**Task instructions:**
Going line by line through the records below, write out everything starting with the line containing "同时,海鸥智驾版自在版今日晚" and going on through the line containing "В Ровенской области", exactly and inclusively. Pictures do not go in.

**Task input:**
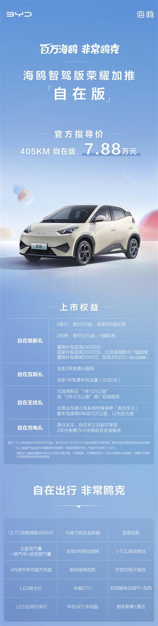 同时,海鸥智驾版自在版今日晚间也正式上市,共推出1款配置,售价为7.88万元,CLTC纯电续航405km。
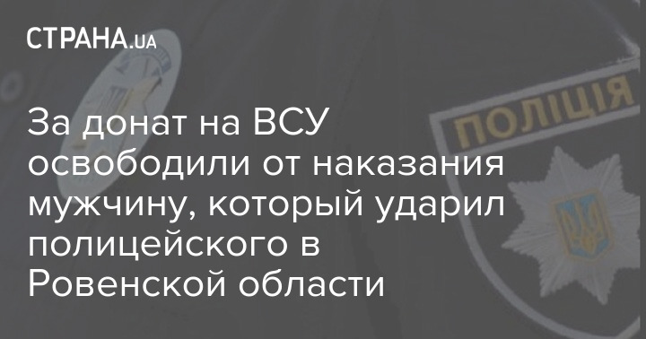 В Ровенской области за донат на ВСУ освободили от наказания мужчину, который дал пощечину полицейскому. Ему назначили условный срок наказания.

---

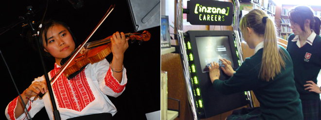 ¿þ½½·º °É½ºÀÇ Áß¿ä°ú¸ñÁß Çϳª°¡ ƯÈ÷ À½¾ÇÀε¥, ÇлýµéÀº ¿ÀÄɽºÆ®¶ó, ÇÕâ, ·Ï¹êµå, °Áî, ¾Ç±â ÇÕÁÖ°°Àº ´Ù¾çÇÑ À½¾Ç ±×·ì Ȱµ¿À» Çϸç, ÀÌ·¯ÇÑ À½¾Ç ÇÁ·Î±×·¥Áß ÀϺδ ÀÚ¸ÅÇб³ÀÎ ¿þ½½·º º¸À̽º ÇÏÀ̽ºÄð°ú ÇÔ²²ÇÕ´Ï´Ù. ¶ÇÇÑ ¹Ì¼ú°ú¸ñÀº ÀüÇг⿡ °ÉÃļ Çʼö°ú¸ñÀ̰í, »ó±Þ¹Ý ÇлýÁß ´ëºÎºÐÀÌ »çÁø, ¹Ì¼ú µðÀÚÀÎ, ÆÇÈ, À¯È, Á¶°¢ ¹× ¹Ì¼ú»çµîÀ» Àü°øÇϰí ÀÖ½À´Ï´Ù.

==

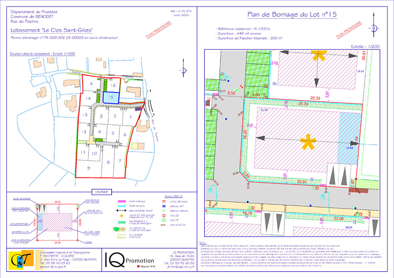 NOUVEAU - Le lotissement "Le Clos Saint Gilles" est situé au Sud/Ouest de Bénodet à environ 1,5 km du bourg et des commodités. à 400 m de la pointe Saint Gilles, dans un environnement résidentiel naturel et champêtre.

**Answer space:**
 同时,海鸥智驾版自在版今日晚间也正式上市,共推出1款配置,售价为7.88万元,CLTC纯电续航405km。
 В Ровенской области за донат на ВСУ освободили от наказания мужчину, который дал пощечину полицейскому. Ему назначили условный срок наказания.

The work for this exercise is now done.